The code to do this depends on the data source. In this example, we can modify the batches function to ingest all UK Tariff commodity codes from a public CSV file hosted on the department’s Public Data API. This example uses iterables heavily to avoid loading the entire batch into memory at once.

import csv
import io

import requests

from pg_bulk_ingest import to_file_like_object

def batches(high_watermark):
   url = 'https://data.api.trade.gov.uk/v1/datasets/uk-tariff-2021-01-01/versions/latest/tables/commodities-report/data?format=csv'
   with requests.get(url, stream=True) as response:
      chunks_iter = response.iter_content(65536)
      chunks_file = to_file_like_obj(chunks_iter, bytes)
      lines = io.TextIOWrapper(chunks_file, encoding="utf-8", newline="")
      dicts = csv.DictReader(lines)
      tuples = ((d['commodity__code'], d['commodity__suffix'], d['commodity__description']) for d in dicts)
      yield None, None, (
         (table, t) for t in tuples
      )

Modify the asset to ingest only on change

If necessary, the asset can be modified to ingest data only if it something has changed. How this is done depends on the source - it must support some mechanism of detecting that something has changed since the previous ingest.

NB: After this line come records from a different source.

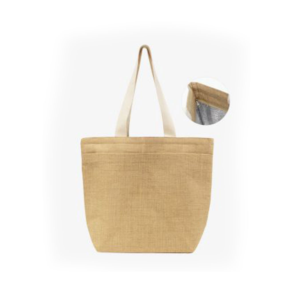 • Bag Description: Jute Tote Bag with Bottom Gusset, Insulation & Zipper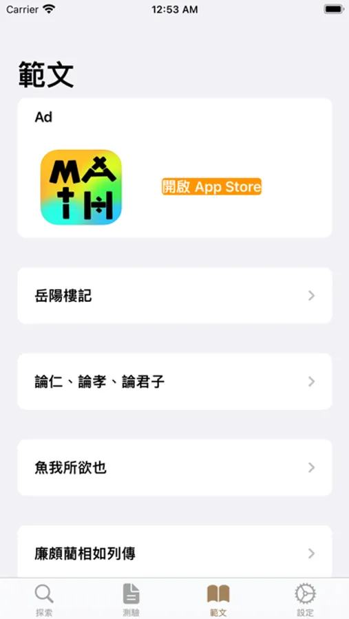 包含12篇範文的文本,語譯,賞析及測驗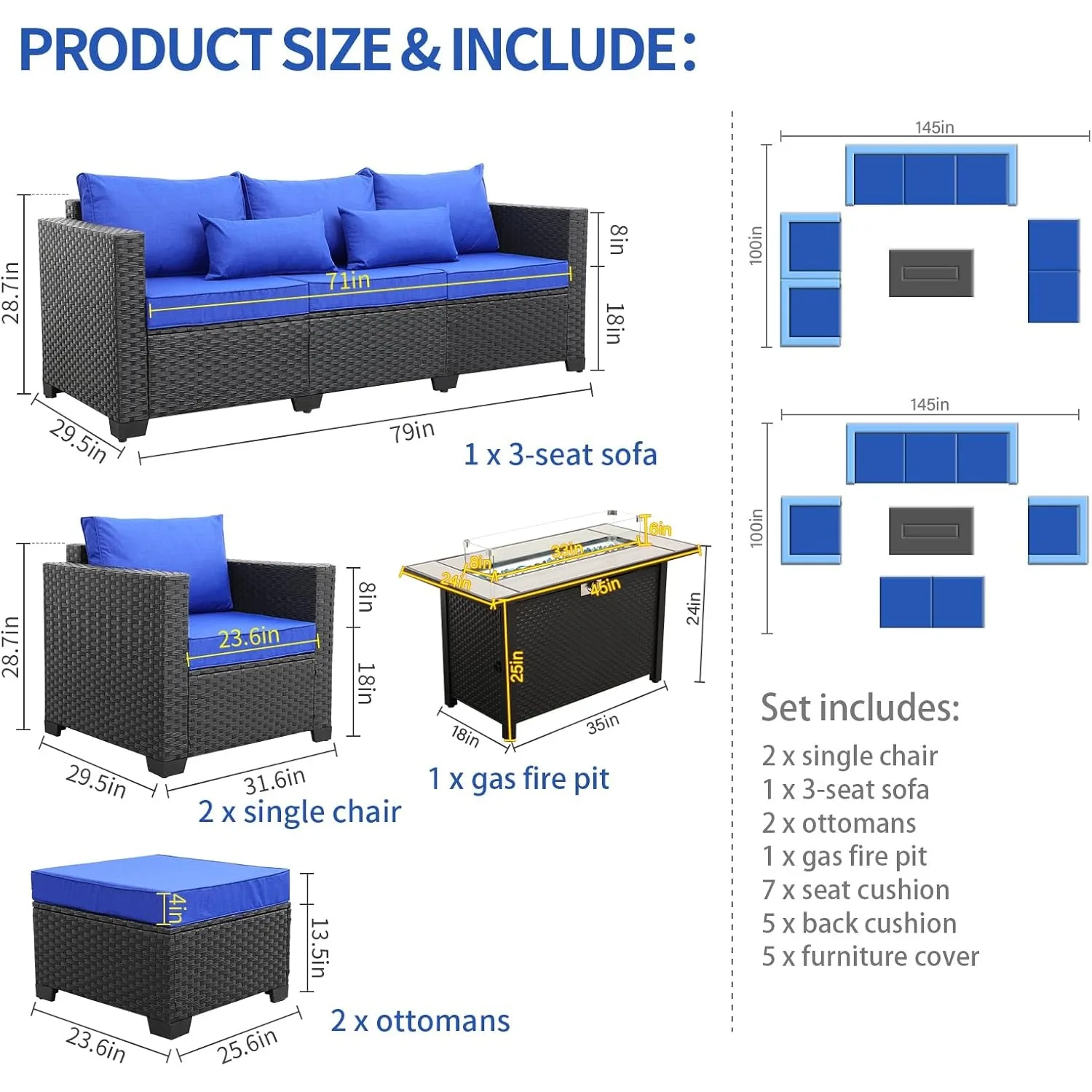 Highly Adaptable: outdoor couch set includes patio chairs, outdoor sofa, ottoman, and gas fire pit table; a graceful, breezy style that doesn’t compromise on comfort and durability; create your perfect configuration with easy options that are suitable for any decorative fashion and scene

In the above example, each dataset in the Public Data API has a “version”, and a mechanism for finding the latest version. The “high watermark” can be used to only ingest data if the latest version is greater than the version previously ingested.

import re

def batches(high_watermark):
   # Find latest version
   url = 'https://data.api.trade.gov.uk/v1/datasets/uk-tariff-2021-01-01/versions/{version}/tables/commodities-report/data?format=csv'
   response = requests.get(url.format(version='latest'), allow_redirects=False)
   latest_version = re.match(r'^.*v(\d+\.\d+\.\d+).*$', response.headers['Location']).groups()[0].split('.')

   # If we have ingested this version or later, do nothing
   if high_watermark is not None and high_watermark >= latest_version:
       return

   # Otherwise, ingest all the data from this version
   with requests.get(url.format(version='v' + '.'.join(latest_version)), stream=True) as response:
      chunks_iter = response.iter_content(65536)
      chunks_file = to_file_like_obj(chunks_iter, bytes)
      lines = io.TextIOWrapper(chunks_file, encoding="utf-8", newline="")
      dicts = csv.DictReader(lines)
      tuples = ((d['commodity__code'], d['commodity__suffix'], d['commodity__description']) for d in dicts)
      yield latest_version, None, (
         (table, t) for t in tuples
      )

Incremental assets

The above examples replace all the data in the existing table on every ingest. This is not always desirable. However, if a data source has some mechanism to fetch only data that has not yet been fetched then pg-bulk-ingest can be used to ingest from this source incrementally, i.e. on each ingest add to the exist data rather than replace it.